Oocyte Pick Up, yani yumurta toplama işlemi sıklıkla genel anestezi altında yapılmaktadır. Yumurtalıkları vajinal ultrason probunun yakınında bulunan kadınlarda ise lokal anestezi eşliğinde de uygulanabilmektedir. Yumurtaları uzakta olan ya da rahim arkasında duran kadınlarda ise genel anestezi uygulanmaktadır. 15 dakika kadar sürer. Her folikülün içinden yumurta çıkmamaktadır. Foliküllerde yumurta çıkma oranı %70 seviyesindedir. Yumurtaların toplanmasından sonra etrafında yer alan hücreler temizlenir ve olgun olup olmadığı incelenir. Olgun yumurtaların tespit edilmesi durumunda bunlara dölleme işlemi uygulanmaktadır. Yumurta toplama işleminden sonra hasta, birkaç saat dinlenerek günlük rutinine rahatlıkla dönebilmektedir.
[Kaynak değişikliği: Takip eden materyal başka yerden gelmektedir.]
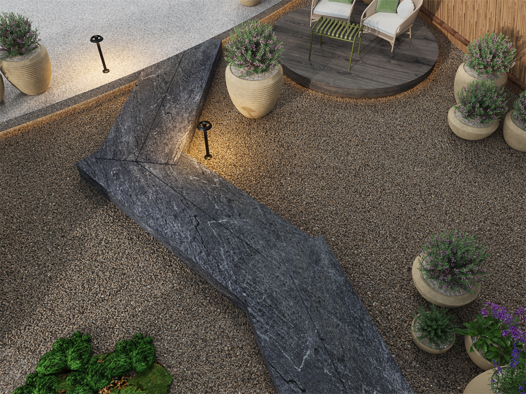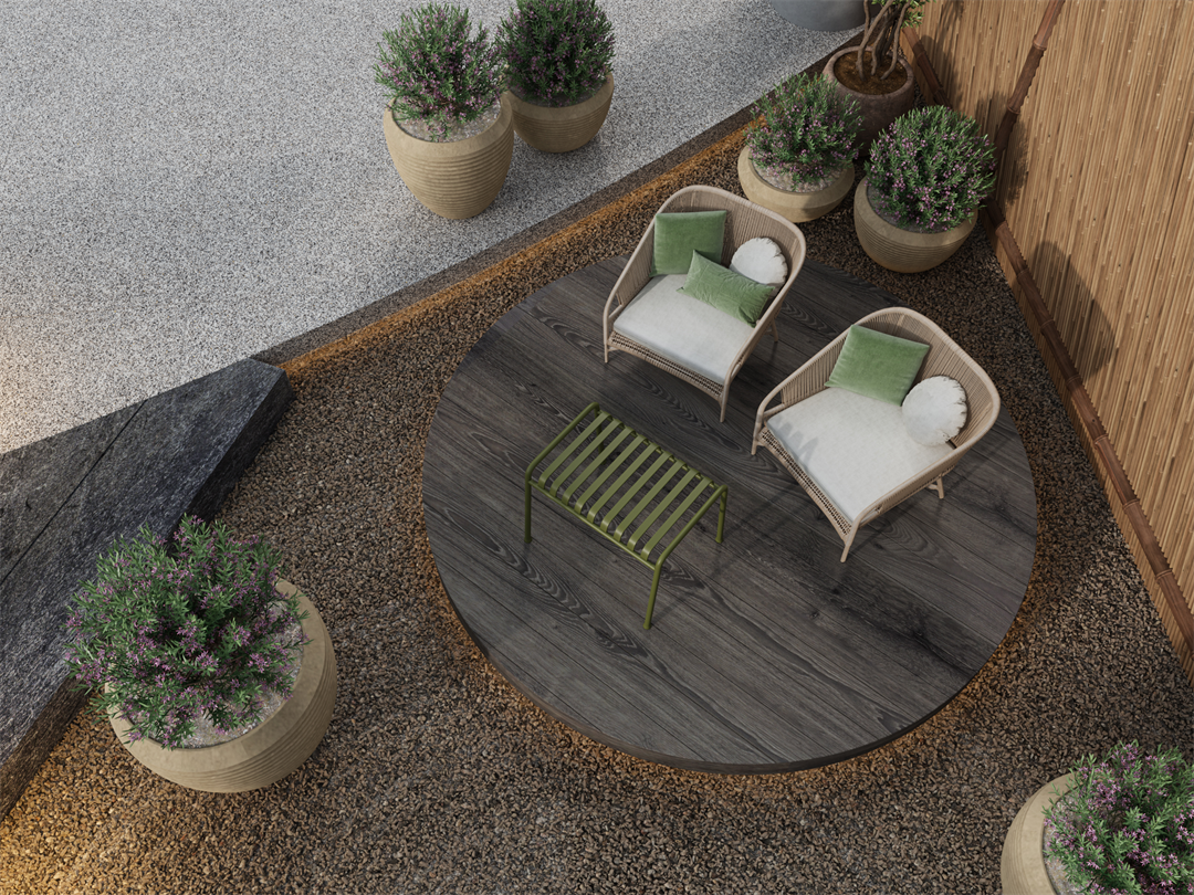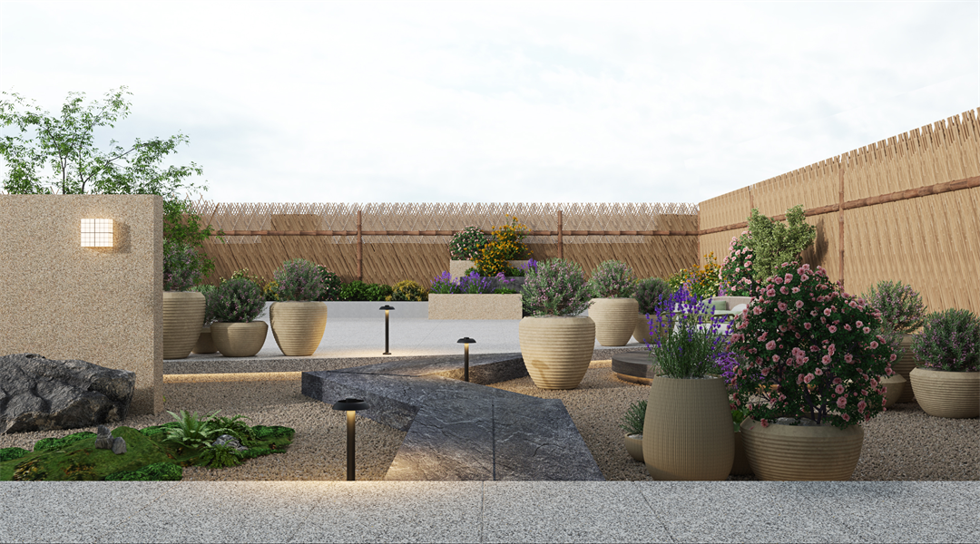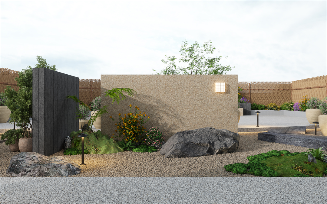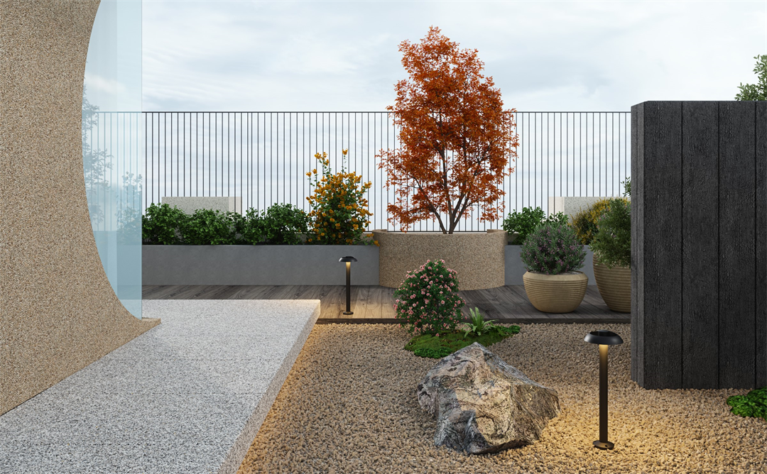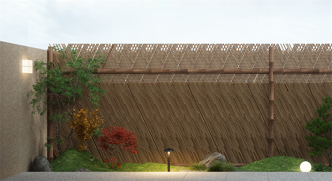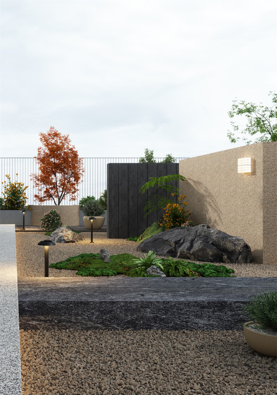 庭院设计通过一堵水洗石与风化木垒砌的矮墙与中式庭院造景相融合,自然的风光结合浓厚的材质肌理,让居者对自然与人的关系有了更深远的体会,繁华都市内独属这一片山野绿意

Tüp Bebek Kimlere Uygulanır?
- İdiyopatik infertilite
- Tekrarlayan düşük
- Tüplerin çift taraflı tıkalı olması
- Yumurta tembelliği
- Sperm sayılarının az olması veya hiç olmaması
- 3 kez aşı yapılması ve sonuç alınamamış kişiler
- Yumurtalık kisti, endometriozis (çikolata kisti), endometrioma, polikistik over
- Vajinismus
- Spermiyogramda bozukluk olan erkekler
- Testis tümörü hasebiyle ameliyat olanlar
- İnmemiş testis
- Kemoterapi ve radyoterapi almış kişiler
- Sperm üretiminde sorun olanlar
- İmmunolojik hastalıkları olan kişiler
- Genetik problemleri olanlar
- Yumurta sayısının azalması
- Sperm fonksiyonlarının bozuk olması halinde
- Bazı hormonal bozukluklar
- Kalıtsal hastalıklara müdahale durumunda
Kaç Kere Denenebilir?
Sık sorulan sorulardan birisi tüp bebek kaç kere denenebilir sorusudur. Uzmanlarca, 3 kere denenmesi önerilebilmektedir. Bundan sonraki denemelerde de gebelik ihtimalinin düşük olmasıyla birlikte yine de çocuk sahibi olunabilmektedir.
Uygulama Yaşı
Bir diğer sıklıkla sorulan soru ise tüp bebek uygulama yaşı kaçtır olmaktadır. Kadınlar için 45 yaşına kadar uygulanması söz konusudur. 40 yaş üstü kadınlarda hamile kalma şansı oldukça düşüktür. Bu sebeple yaşı ilerlemiş kimseler, tedavide başarı oranlarının genç yaşta olanlara göre düşük olduğunu bilmelidirler.
Tüp Bebek Başarı Oranı
Yaş ve embriyo kalitesi gibi etkenlere bağlı olarak değişkenlik göstermekle birlikte, genel olarak tüp bebek işleminde başarılı olma oranı; 30 yaş altı kadınlar için %60 iken, 40 yaş üstü kadınlarda ise bu oran %15 civarında olmaktadır.